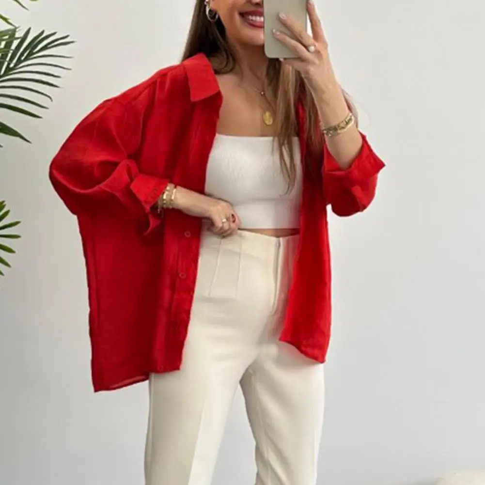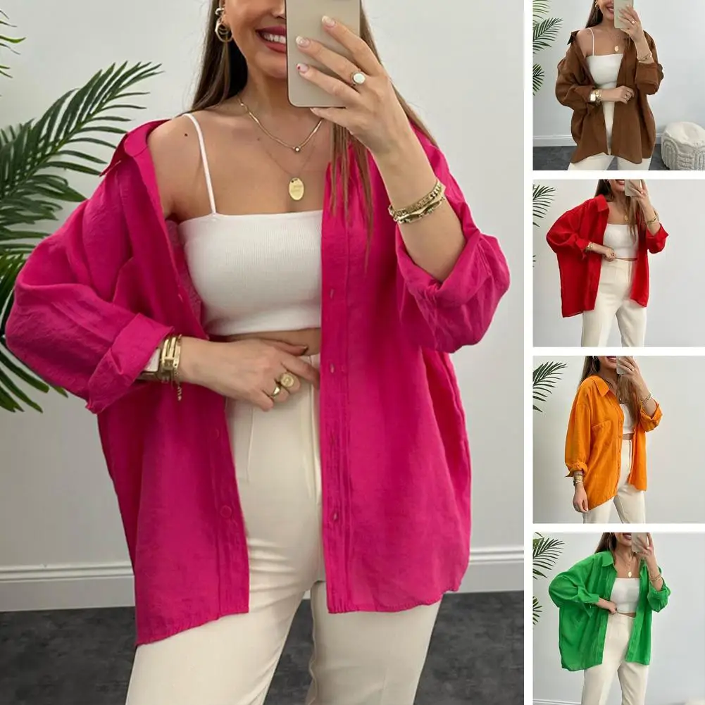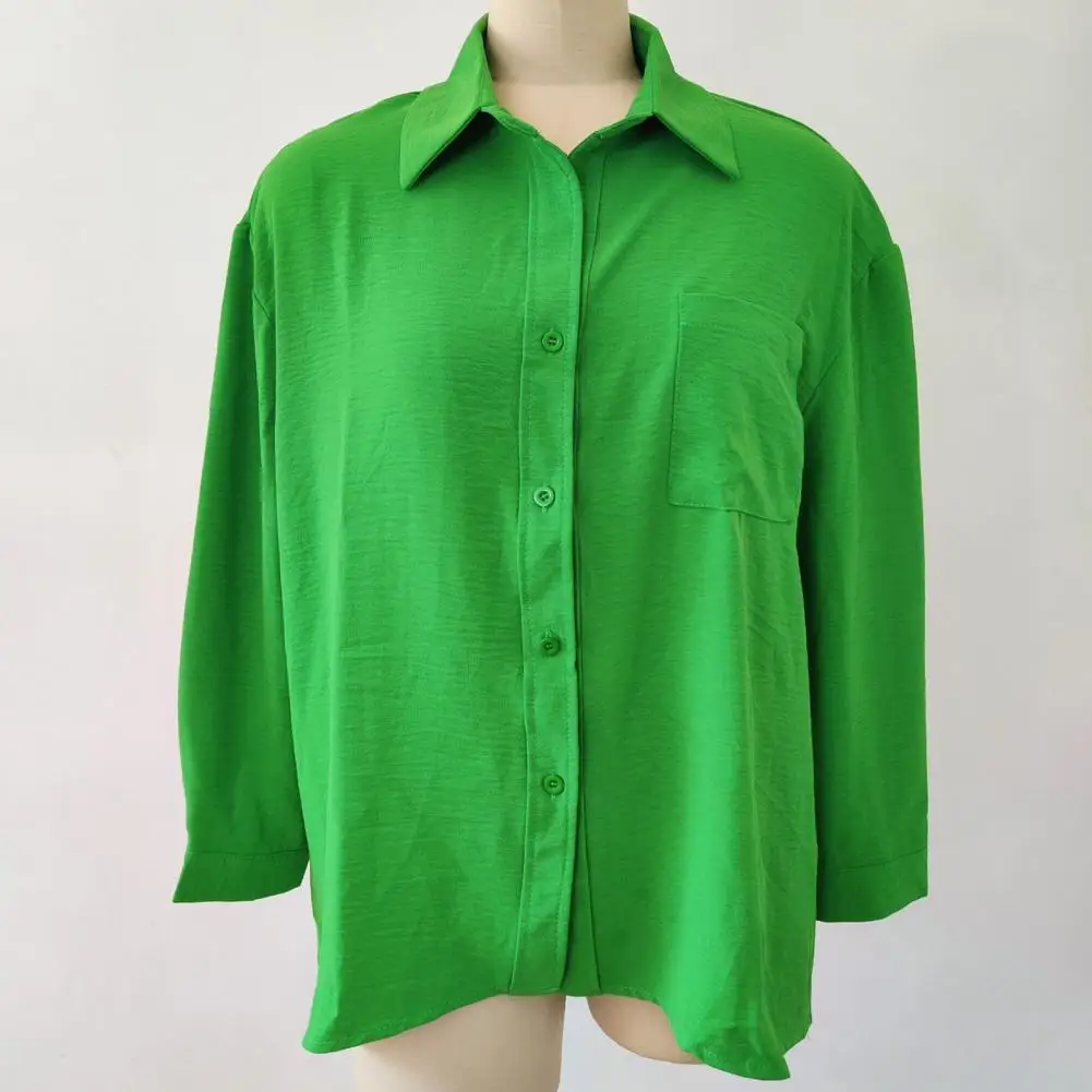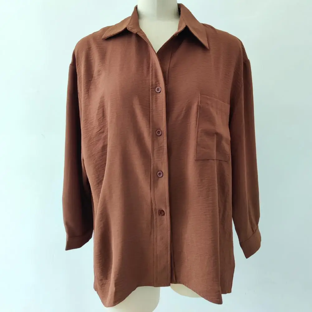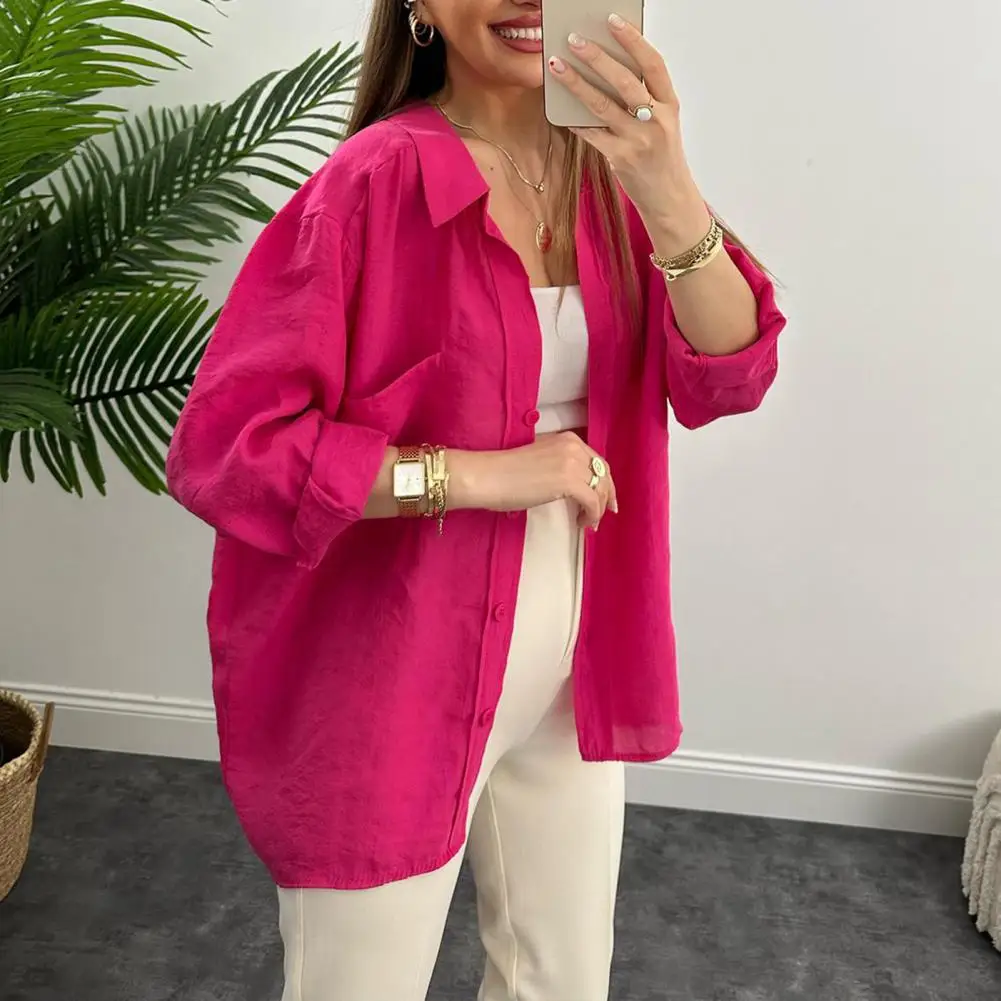 "Single-breasted Spring Blouse Chic Mid-length Women's Blouses Loose Fit Single-breasted Buttoned with Turn-down for Spring" * Buy Now With Free Shipping Just For $7
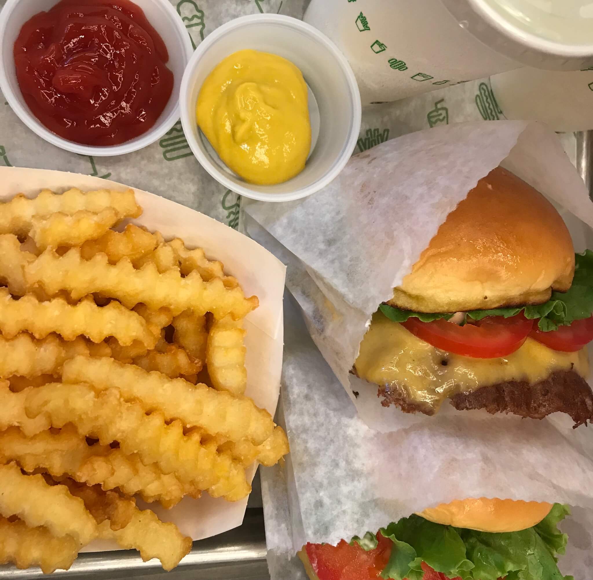 阪急梅田のSHAKE SHACKというハンバーガーのお店です!日本に全然ないお店なんですよ~~!写真撮るの下手で伝わりづらいですが、めちゃくちゃボリュームあって美味しかったです!!
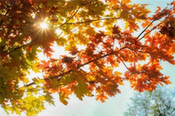秋日的陽(yáng)光穿過(guò)楓葉的間隙,形成了一片美麗星芒,給人以夢(mèng)幻的感覺(jué)。紅黃相間的楓葉完美融合,如同大自然的調(diào)色板,展示了秋天最美的色彩。(朱忠海攝)
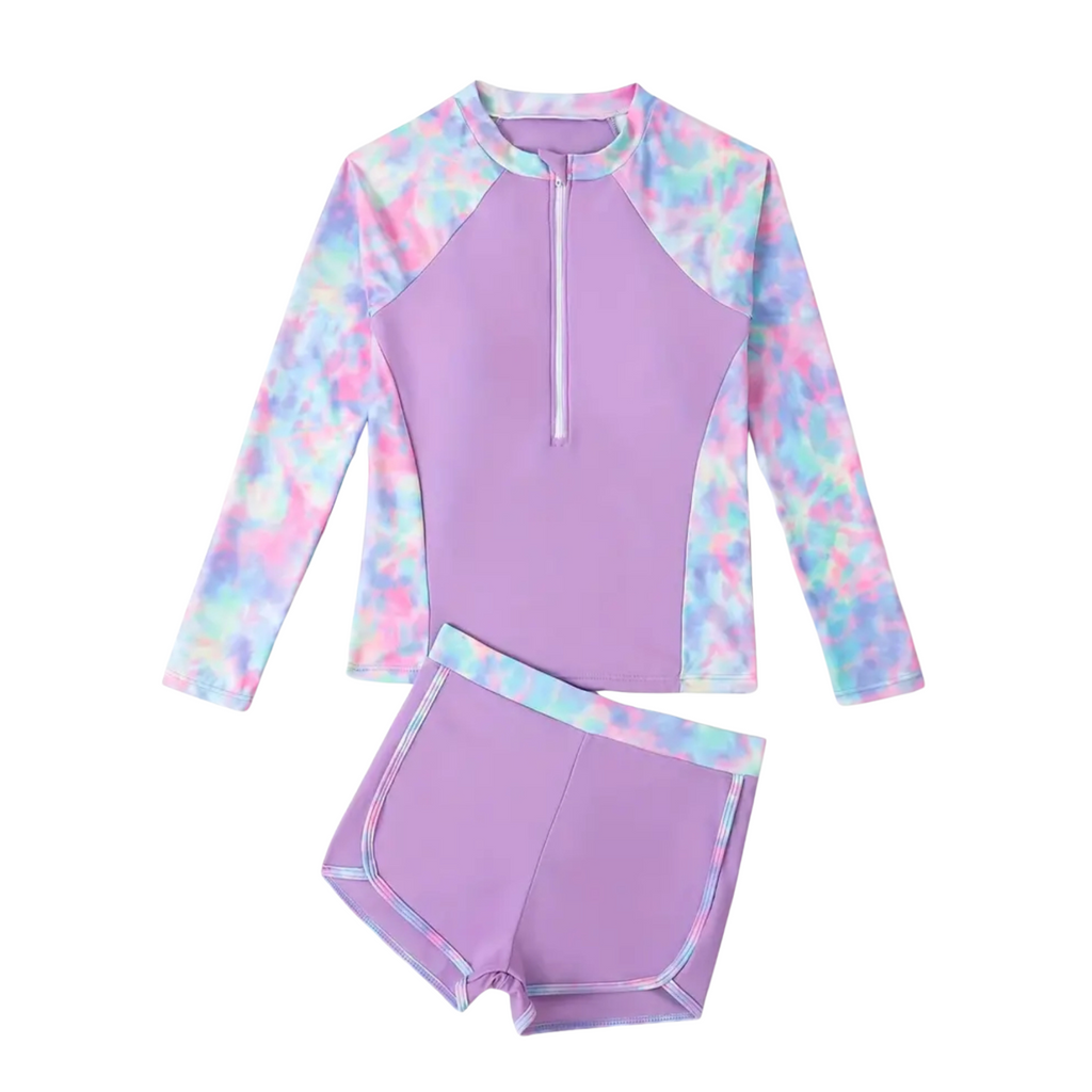 Girls 2 Piece Long Sleeve Tie Die Purple Print Rashguard Swimsuit with Swim Shorts

== ACTIVITY ==
Pictures excluded, repeat the material above from its first line through the line containing "阪急梅田のSHAKE SHA", both included.

== OUTPUT OF THE EXERCISE ==
 "Single-breasted Spring Blouse Chic Mid-length Women's Blouses Loose Fit Single-breasted Buttoned with Turn-down for Spring" * Buy Now With Free Shipping Just For $7
 阪急梅田のSHAKE SHACKというハンバーガーのお店です!日本に全然ないお店なんですよ~~!写真撮るの下手で伝わりづらいですが、めちゃくちゃボリュームあって美味しかったです!!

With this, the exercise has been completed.